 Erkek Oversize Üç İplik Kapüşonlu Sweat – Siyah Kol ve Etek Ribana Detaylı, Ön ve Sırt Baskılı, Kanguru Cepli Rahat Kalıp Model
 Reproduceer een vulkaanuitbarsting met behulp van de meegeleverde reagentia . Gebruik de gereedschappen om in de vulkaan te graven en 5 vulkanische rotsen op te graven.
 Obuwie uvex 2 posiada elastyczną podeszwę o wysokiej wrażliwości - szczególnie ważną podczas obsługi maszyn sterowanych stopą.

_ _ _

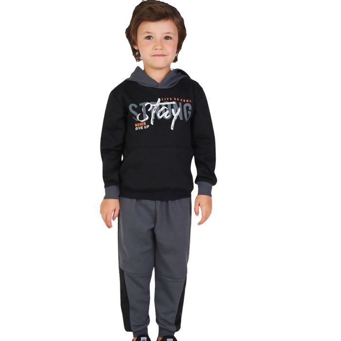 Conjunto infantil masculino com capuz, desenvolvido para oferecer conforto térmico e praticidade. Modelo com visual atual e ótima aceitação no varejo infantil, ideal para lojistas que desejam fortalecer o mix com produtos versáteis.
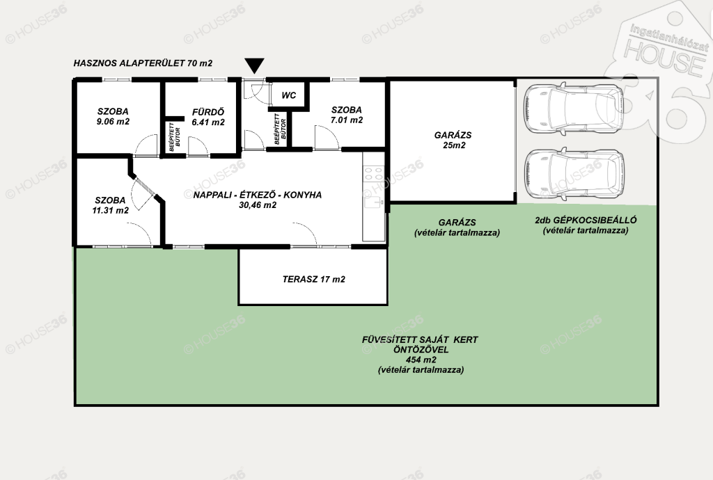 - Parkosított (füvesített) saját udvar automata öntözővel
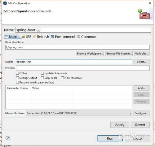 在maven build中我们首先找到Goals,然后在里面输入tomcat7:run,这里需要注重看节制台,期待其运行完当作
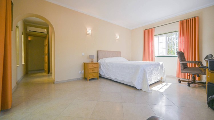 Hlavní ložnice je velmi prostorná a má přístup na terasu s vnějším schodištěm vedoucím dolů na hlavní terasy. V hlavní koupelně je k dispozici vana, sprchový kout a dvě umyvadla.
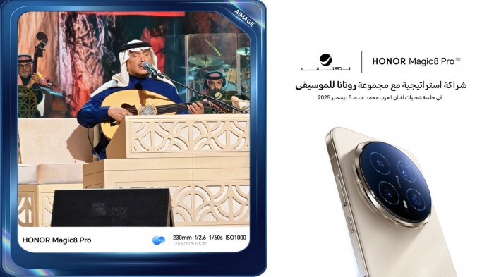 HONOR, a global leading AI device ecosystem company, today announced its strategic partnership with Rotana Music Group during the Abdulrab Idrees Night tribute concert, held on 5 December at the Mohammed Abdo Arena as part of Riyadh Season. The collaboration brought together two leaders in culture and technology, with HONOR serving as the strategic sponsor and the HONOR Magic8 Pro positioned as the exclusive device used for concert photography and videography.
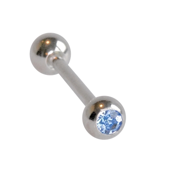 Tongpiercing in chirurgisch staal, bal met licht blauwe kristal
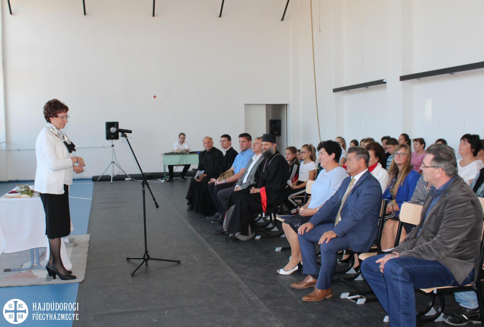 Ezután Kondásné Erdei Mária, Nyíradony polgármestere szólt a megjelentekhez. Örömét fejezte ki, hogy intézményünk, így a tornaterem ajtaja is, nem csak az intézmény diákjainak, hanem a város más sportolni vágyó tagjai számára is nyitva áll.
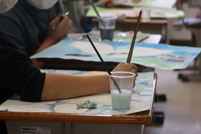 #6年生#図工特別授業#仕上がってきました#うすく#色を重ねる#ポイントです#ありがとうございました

_ _ _

◆ Requirement
Your answer should be the exact lines above from the one containing "- Parkosított (füvesített)" through the one containing "#6年生#図工特別授業#仕上", with both end lines kept and the pictures removed, please.

◆ Written reply
 - Parkosított (füvesített) saját udvar automata öntözővel
 在maven build中我们首先找到Goals,然后在里面输入tomcat7:run,这里需要注重看节制台,期待其运行完当作
 Hlavní ložnice je velmi prostorná a má přístup na terasu s vnějším schodištěm vedoucím dolů na hlavní terasy. V hlavní koupelně je k dispozici vana, sprchový kout a dvě umyvadla.
 HONOR, a global leading AI device ecosystem company, today announced its strategic partnership with Rotana Music Group during the Abdulrab Idrees Night tribute concert, held on 5 December at the Mohammed Abdo Arena as part of Riyadh Season. The collaboration brought together two leaders in culture and technology, with HONOR serving as the strategic sponsor and the HONOR Magic8 Pro positioned as the exclusive device used for concert photography and videography.
 Tongpiercing in chirurgisch staal, bal met licht blauwe kristal
 Ezután Kondásné Erdei Mária, Nyíradony polgármestere szólt a megjelentekhez. Örömét fejezte ki, hogy intézményünk, így a tornaterem ajtaja is, nem csak az intézmény diákjainak, hanem a város más sportolni vágyó tagjai számára is nyitva áll.
 #6年生#図工特別授業#仕上がってきました#うすく#色を重ねる#ポイントです#ありがとうございました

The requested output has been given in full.